At this moment I am using laravel. In this context I am having a form which is successfully submitted by using ajax to a controller. and that controller make it to the database. But the problem is as the ajax is doing its job the whole page remain unmoved / unchanged after the submission even the database is updated.
Now what I want
I want to give feedback to the user that your post is successfully submitted there. or what I want to do in further, I want to refresh the section in which the post is collected from the database as this post can be retrieved from there. But by using ajax only.
So there is no need to collect the whole page or refresh.
here is my form structure
`
{{ Form::open(array('route' => array('questions.store'), 'class' => 'form-horizontal' )) }}
blah blah blaaa .......
<script type="text/javascript">
$(".form-horizontal").submit(function(e){
$(this).unbind("submit")
$("#ask").attr("disabled", "disabled")
var that = $(this),
url = that.attr('action'),
type = that.attr('method'),
data = {};
that.find('[name]').each(function(index, value){
var that = $(this),
name = that.attr('name'),
value = that.val();
data[name] = value;
});
$.ajax({
url: url,
type: type,
data: data,
success: function(response){
console.log(response);
}
});
return false;
});
</script>
{{ Form::close() }}
`
As it is very much visible that the post is updated through a route & controller I want to have another dive and a success message at this script to be displayed after the success of posting. I am looking for some professional structure using what there is minimal need to have interaction with the server side and give user a better page viewing experience.

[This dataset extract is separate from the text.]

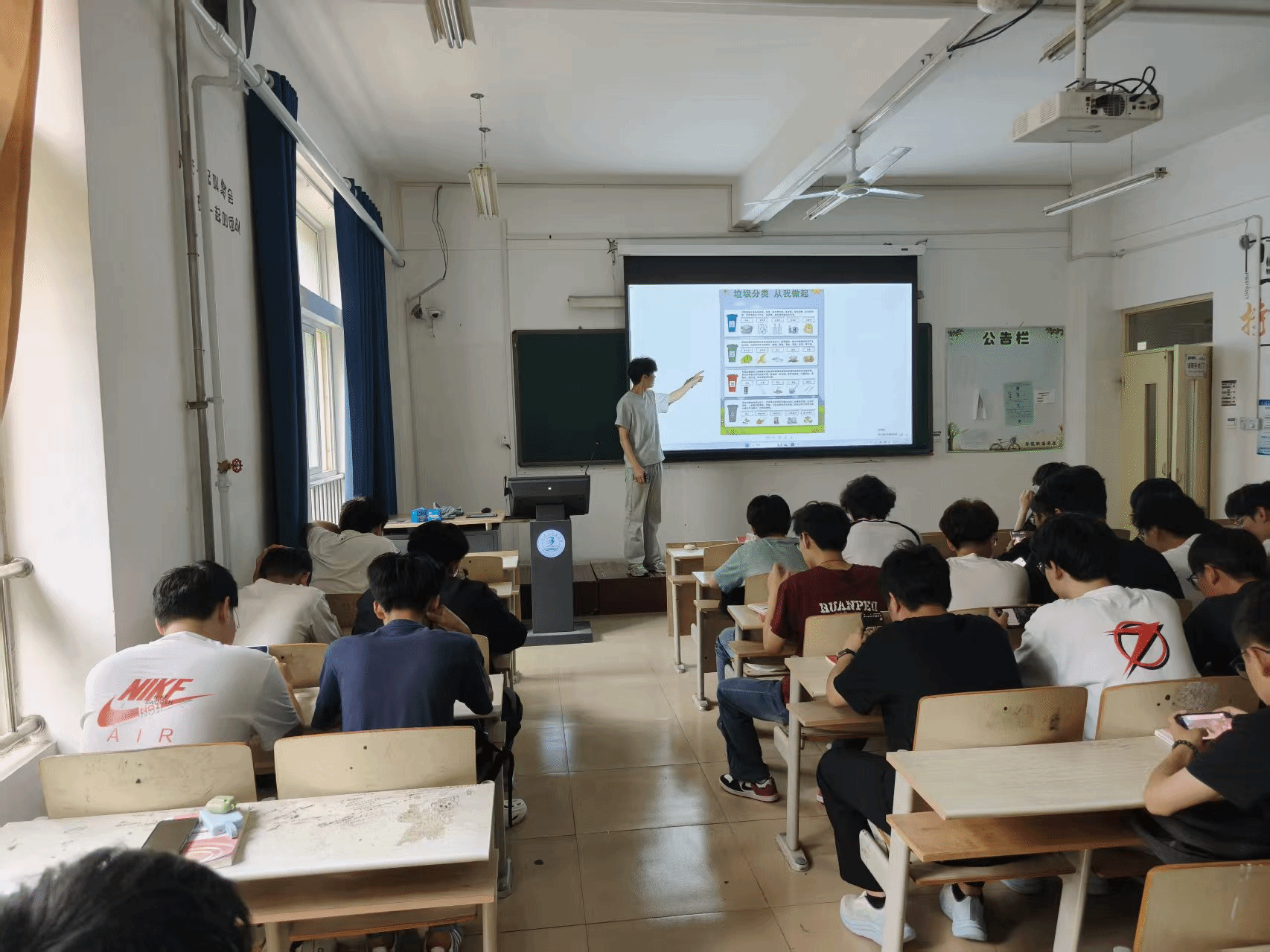 深化垃圾分类理念,知识普及是关键。学院面向所有班级组织开展了垃圾分类主题宣传活动。活动采用“集中宣讲+视觉传播”双轨并行的方式。集中宣讲围绕“为何分类”“如何分类”“分类意义”三大核心,用通俗易懂的语言详细解读了四类垃圾的标准与投放要求,并结合校园生活实例分析错误分类的危害,鼓励班级负责人化身“环保宣传员”,带动身边同学共同参与。

Thanks a lot for helping me in this research.
I am not sure if I understand you well, but if you want to notify the user about the result of an ajax-called db update you need to have
a route for the ajax save db call - it should point to a method that does the db update.
the db update method should return some value indicating the success/failure of update (for example OK or FAIL)
the only result of calling the method will be just plain text page with OK or FAIL as body
fetch the result by ajax and inform user accordingly (after form submit button)
check out the below code for ajax call itself (inside the form submit handler) to see what I mean
var db_ajax_handler = "URL_TO_YOUR_SITE_AND_ROUTE";
var $id = 1; //some id of post to update
var $content = "blablabla" //the cotent to update
$.ajax({
cache: false,
timeout: 10000,
type: 'POST',
tryCount : 0,
retryLimit : 3,
url: db_ajax_handler,
data: { content: $content, id: $id }, /* best to give a CSRF security token here as well */
beforeSend:function(){
},
success:function(data, textStatus, xhr){
if(data == "OK")
{
$('div.result').html('The new Question has been created');
}
else
{
$('div.result').html('Sorry, the new Question has not been created');
}
},
error : function(xhr, textStatus, errorThrown ) {
if (textStatus == 'timeout') {
this.tryCount++;
if (this.tryCount <= this.retryLimit) {
//try again
$.ajax(this);
return;
}
return;
}
if (xhr.status == 500) {
alert("Error 500: "+xhr.status+": "+xhr.statusText);
} else {
alert("Error: "+xhr.status+": "+xhr.statusText);
}
},
complete : function(xhr, textStatus) {
}
});
EDIT: as per comment, in step 2 (the method that is called with AJAX) replace
if($s)
{
return Redirect::route('questions.index') ->with('flash', 'The new Question has been created');
}
with
return ($s) ? Response::make("OK") : Response::make("FAIL");
EDIT 2:
To pass validation errors to the ajax-returned-results, you cannot use
return Response::make("FAIL")
->withInput()
->withErrors($s->errors());
as in your GIST. Instead you have to modify the suggested solution to work on JSON response instead of a plain text OK/FAIL. That way you can include the errors in the response and still benefit from the AJAX call (not having to refresh the page to retrieve the $errors from session). Check this post on the Laravel Forum for a working solution - you will get the idea and be able to fix your code.